Illumina data import with sequence as fastq.gz, primer and barcodes as txt files

Hi Users,
I have qiime2-2019.4 installed through miniconda in Linux Mint 19.1.
I have sequences bacterial V3-V4 regions. The outsourcing company provided me forward and reverse sequences as fastq.gz files and primer and barcodes as text (provided at the end). I also asked them for barcodes as fastq.gz format, however, they are reluctant to provide me.
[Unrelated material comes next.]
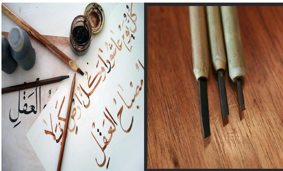
Gambar 1. Paku Handam Dan Harupat (Alat Tulis Ngalogat Tradisional)

I am novice in this and unable to move a step following the provided importing techniques (Moving Picture or FMT).

I require your kind support regarding:

  1. How to import
  2. Following workflow such as whether or how to remove barcodes and primer sequences etc.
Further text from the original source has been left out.